Но не то было нужно Иву от тех, кого он любил. Эти требования, что всегда исполняла любовь материнская, он переносил теперь на предметы, которые прежде могли его занимать, беспокоить, из-за которых он даже, пожалуй, немного страдал, но жизнь его от этого не потрясалась. Он привык входить в любовь своей матери, как входил в парк Буриде, не отгороженный никаким забором от соснового леса, по которому, знал мальчик, он может идти днем и ночью до самого Океана. Отныне же он в каждую любовь входил с роковым любопытством испытать ее предел — и всякий раз с тайной надеждой вовсе его не достичь. Увы! Он натыкался на него едва ли не с первого шага, и тем вернее, что из-за своей мании становился утомителен, невыносим. Он не мог успокоиться, пока не доказывал своим друзьям, что их любовь — только видимость. Он был из тех несчастных мальчиков, которые твердят: «Вы не любите меня», — чтобы удостовериться в обратном, но их слова обладают убедительностью, которой они сами не сознают, — и той любимой, которая слабо возражала. Ив давал такие доказательства, что та и сама понимала: она не любит его и никогда не любила.

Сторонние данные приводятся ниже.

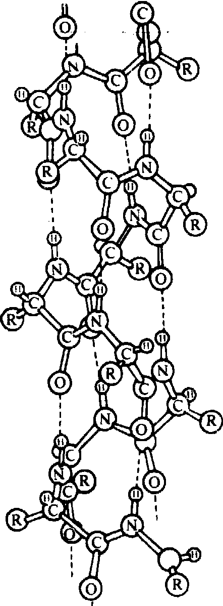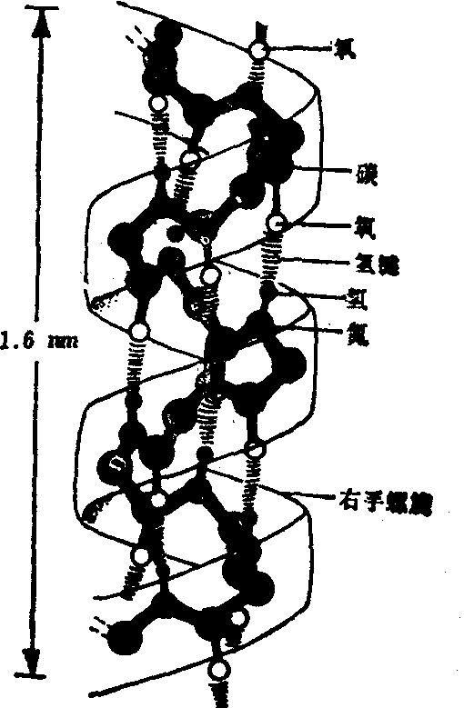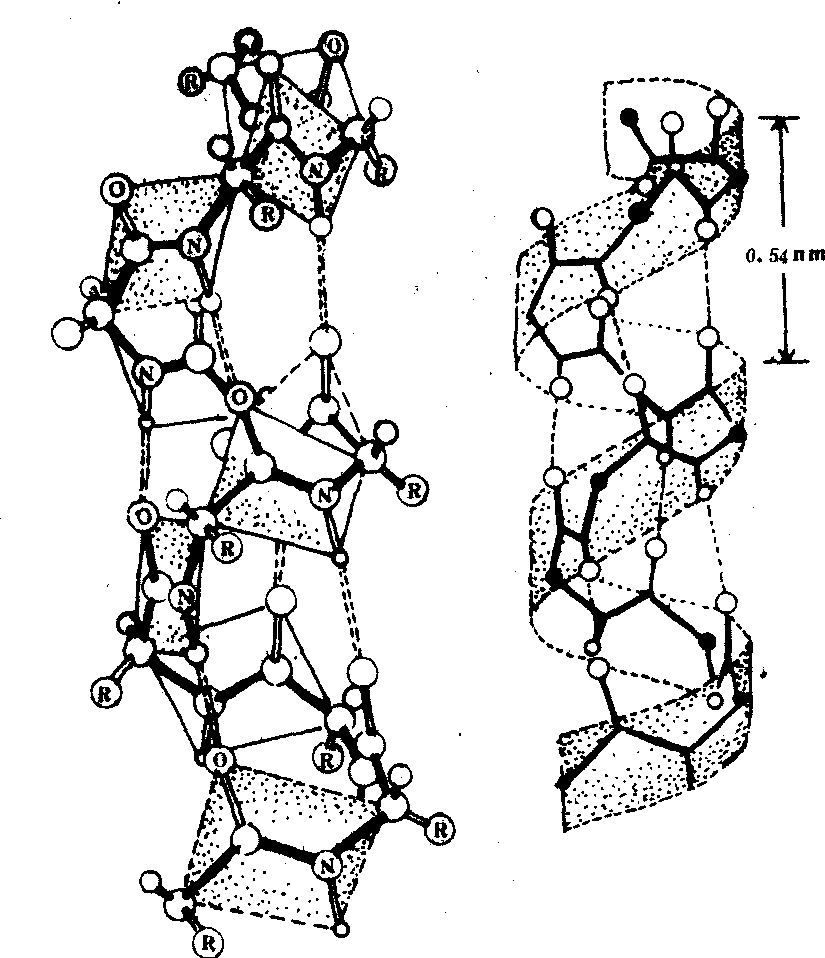 两个分子氨基酸缩合的产物称二肽。以肽键连接的多个氨基酸称多肽。多肽的主链为重复的—CO—NH—CH—,多肽的两端仍具自由的氨基和羧基。书写时通常以左侧表示氨基末端,称N-末端,以右侧表示羧基末端,称C-末端。各氨基酸残基α碳原子上的侧链(-R)的性质和相对比例在很大程度上决定着多肽的化学性质。蛋白质由一条或多条庞大的多肽链组成,因此,根据各种氨基酸残基的数目和排列顺序构成大量不同类型的蛋白质。据估计生物界不同类型的蛋白质总数约1010—1012种,假定20种氨基酸在多肽链中各出现一次,那么,可能出现的排列方式将有2020种之多,若再加上每种氨基酸在多肽链中的重复出现,蛋白质的数目将更惊人。 除构成蛋白质的多肽外,还有具特殊生理功能的各种小分子肽,如下丘脑分泌的促甲状腺释放激素即为一种三肽,有促进脑垂体合成和释放促甲状腺素的功能。另外,广泛存在于细胞中的谷胱甘肽也是一种三肽,是某种酶催化反应的辅助因素。血管舒缓激肽是一种九肽,有降低平滑肌张力的作用。 蛋白质的构象 构象是指组成分子的原子基团围绕共价键旋转而形成的不同空间排布(三维空间形状)。多肽链中有许多共价单键,原子基团围绕它们自由旋转,理论上能够自发地形成大量不同构象,但实际上每种蛋白质仅有一种构象,其主要原因在于多肽链中侧链基团之间以及与水分子之间形成非共价键,使之不能作自由旋转。所以蛋白质的构象决定于分子本身氨基酸残基的顺序和排布。构象的改变不包括化学键的断裂,也不改变手型。 通过X射线衍射技术,目前已经完成200余种蛋白质结构的分析。每种蛋白质都有特殊的构象,但在这些大分子中往往有共同的重复出现的折叠,使分子呈现有规律的螺旋或片层状稳定构象。它们是由多肽链分子内部位置相近的氨基酸残基之间互相结成氢键而形成的。 α-螺旋结构 多肽链主链呈螺旋式卷曲,每隔3.6个氨基酸残基卷曲一圈,组成右手螺旋体,简称α-螺旋。这种构象是由肽链中每一螺旋中的羰基 一螺旋中的亚氨基 结成氢键而产生的。氢键的走向与α-螺旋体的长轴平行,各氨基酸残基的侧链伸向螺旋的外侧(图1)。α-螺旋的形成受多肽链中侧链基团的大小和性质的影响,例如多聚异亮氨酸侧链较大,造成定向障碍,使α-螺旋的规律性受阻。又如多聚脯氨酸侧链与主链α-碳原子形成吡咯环,肽链不具亚氨基而不能形成氢键,多肽链中只要有脯氨酸(或羟脯氨酸),α—螺旋即被中断。β-折叠层结构 这种结构的模式是多肽链以走向相反但排列平行的方式在主链中邻近的羰基与亚氨基之间形成氢键,氢键与肽链的长轴垂直,分子基本上位于同一空间平面。由于肽链本身並未充分伸展,所以从主链的一个侧面观察,链呈连续的“Z”型折叠或呈锯齿状。每个氨基酸残基的侧链则伸向折叠层的上、下方,这种构象称为 β-折叠层(图2)。在球蛋白中肽链的走向包括逆行和顺行两种方式,氢键可在同一肽链的不同部分产生,也可在不同分子之间形成。如果多肽链中侧链基团过大,並带相同电荷,也影响β-折叠层的产生。β-折叠层是构成球状蛋白质的网架。

Тогда, весной 1913 года, он дошел до того, что стал смотреть на свои страдания как на физическую боль, когда с часу на час ожидаешь, когда она кончится, и боишься ее не выдержать. И даже среди людей, если там находился предмет его любви, он уже не мог скрывать свою рану, страдал в открытую, повсюду оставлял за собой кровавый след.
Ив не сомневался, что он одержим, и, поскольку ему всюду мерещились измены мнимые, он никогда, даже застав подругу с поличным, не был вполне уверен, что это не галлюцинация. Когда она клятвенно уверяла его, что это не она была в автомобиле с тем молодым человеком, с которым танцевала накануне, он ей верил, хотя не сомневался, что узнал ее. «Я сошел с ума», — говорил он — и предпочитал верить, что и в самом деле сошел: прежде всего, чтобы передохнуть, как бы коротка ни была его передышка, а еще потому, что читал в глазах любимой непритворную тревогу. «Поверь мне, пожалуйста!» — приказывала она со жгучим желанием утешить его, привести в чувство. Перед этим магнетизмом он не мог устоять: «Посмотри мне в глаза: теперь веришь?»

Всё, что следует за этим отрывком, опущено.